Opinion
December 22, 1997
Appeal from the Supreme Court, Kings County (Rappaport, J.).
Ordered that the order is reversed, on the law, with costs, the motion is granted, and the complaint is dismissed.
The record establishes that the infant plaintiff was injured as the result of a spontaneous and unforeseeable act committed by a fellow student. The alleged inadequacy of the supervision furnished by the defendant's employees cannot, under these and all the other circumstances presented, be considered a cause of the injuries suffered by the infant plaintiff ( see generally, Broad v.

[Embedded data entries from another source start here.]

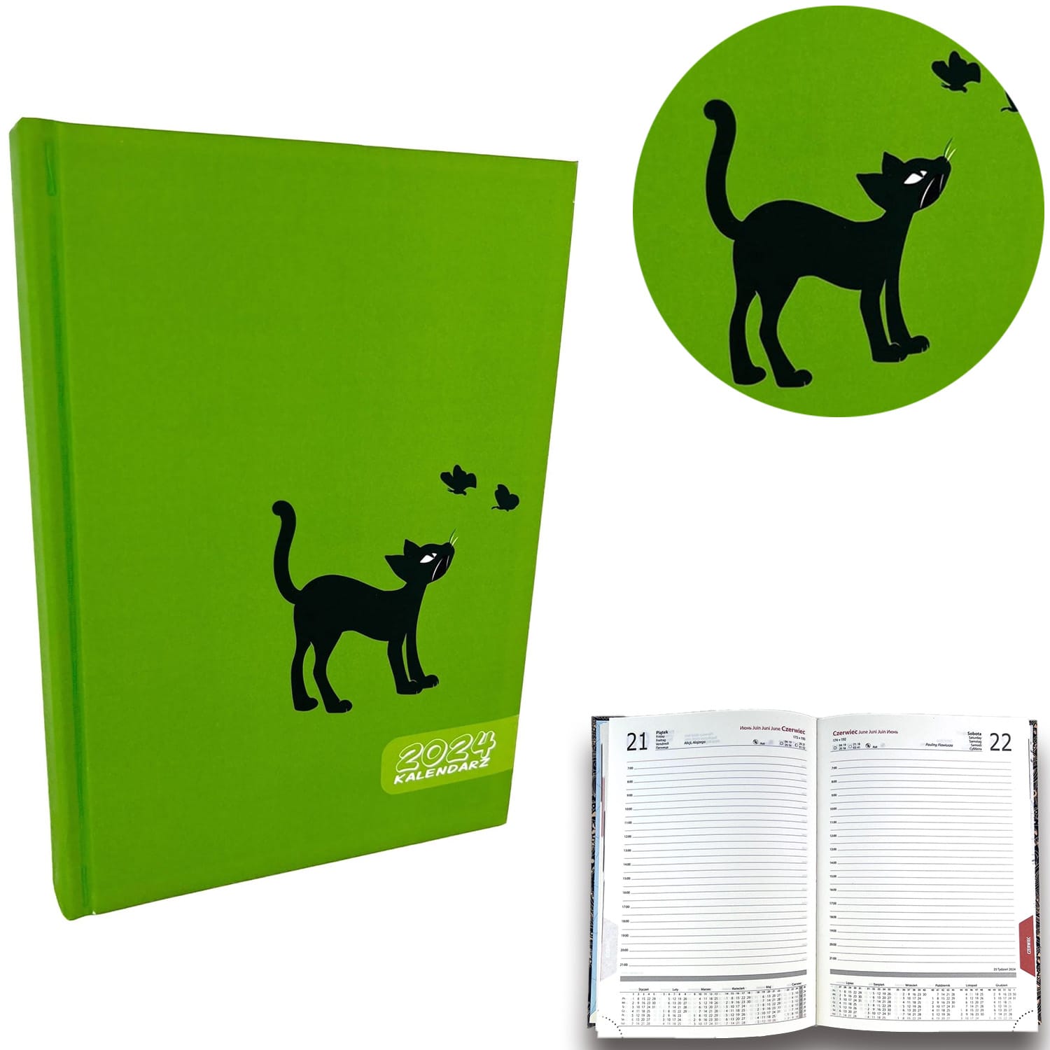 Opakowanie Kalendarz 2024 dzienny sb/nd osobno A5 soft touch kot w zieleni Ev230038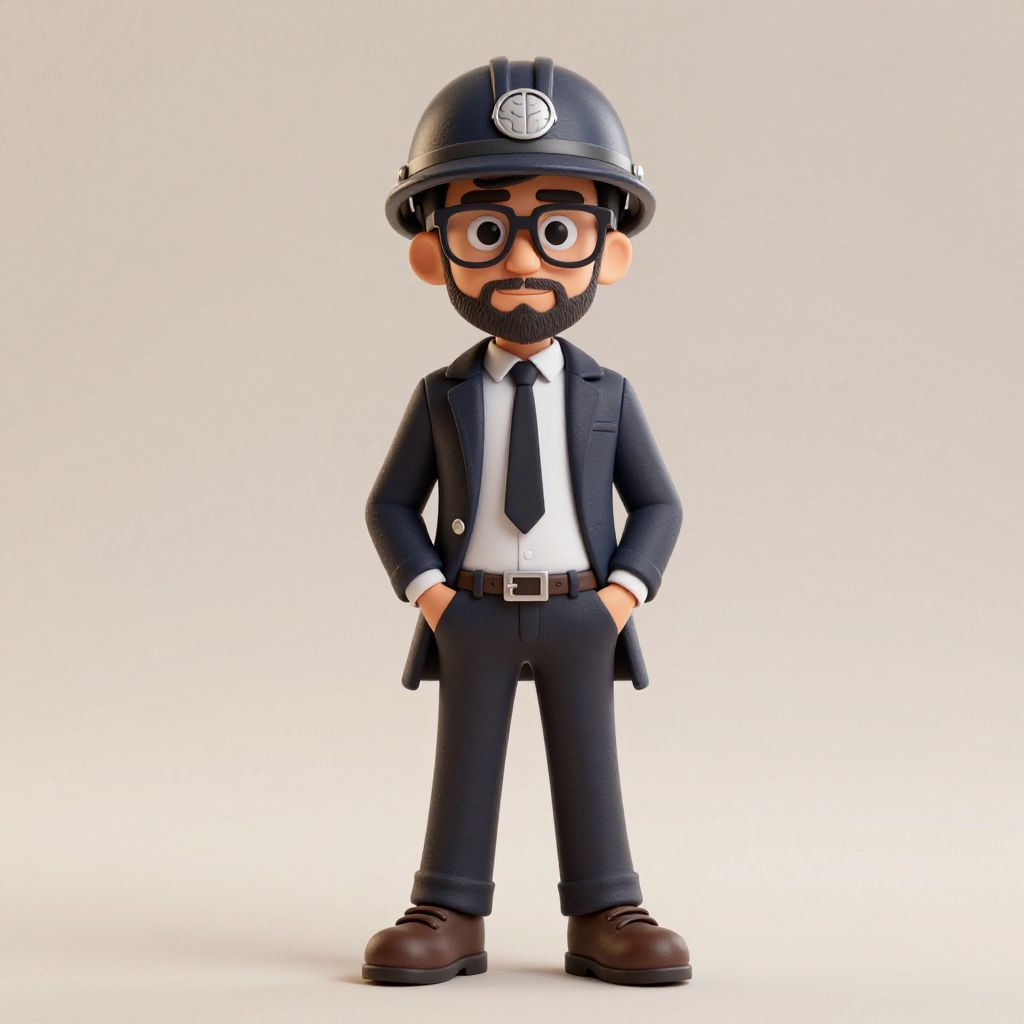 Inspector gadget brain, 1boy, helmet, solo, male focus, glasses, hard hat, hands in pockets, facial hair, full body, pants, brown footwear, jacket, simple background, standing, beard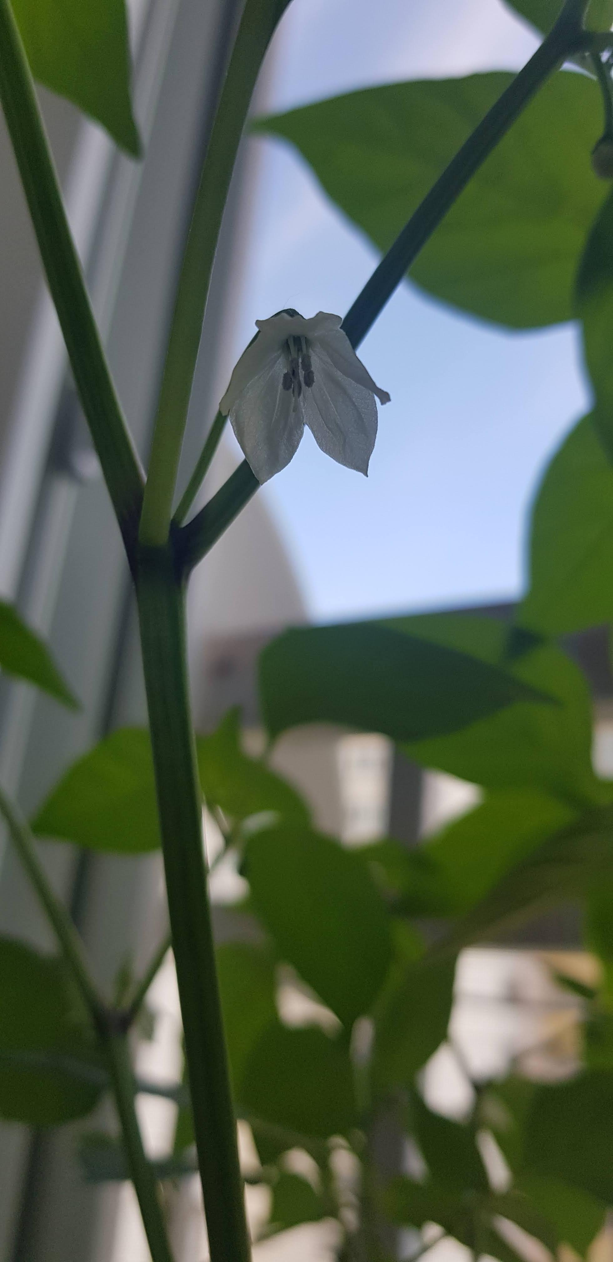 예쁘게 피어난 고추꽃입니다. 고추꽃은 암술과 수술이 한 꽃에 같이 있습니다. 따라서 나비와 벌이 찾아오지 않더라도 바람에 흔들리면서 자연스럽게 수정이 됩니다. 만약 베란다 문을 안열어두신다면 고추나무를 툭툭 쳐주기만해도 됩니다.

Patico Corp., 243 A.D.2d 434; Danna v. Sewanhaka Cent. High School Dist., 242 A.D.2d 361; Walsh v. City School Dist., 237 A.D.2d 811; Moores v. City of Newburgh School Dist., 237 A.D.2d 265; Ceglia v. Portledge School, 187 A.D.2d 550; Hauser v. North Rockland Cent. School Dist. No. 1, 166 A.D.2d 553). The plaintiffs failed to raise any issue of fact requiring a trial after the defendant had demonstrated its prima facie entitlement to judgment as a matter of law. The defendant's motion should therefore be granted.
Bracken, J. P., Pizzuto, Altman and Krausman, JJ., concur.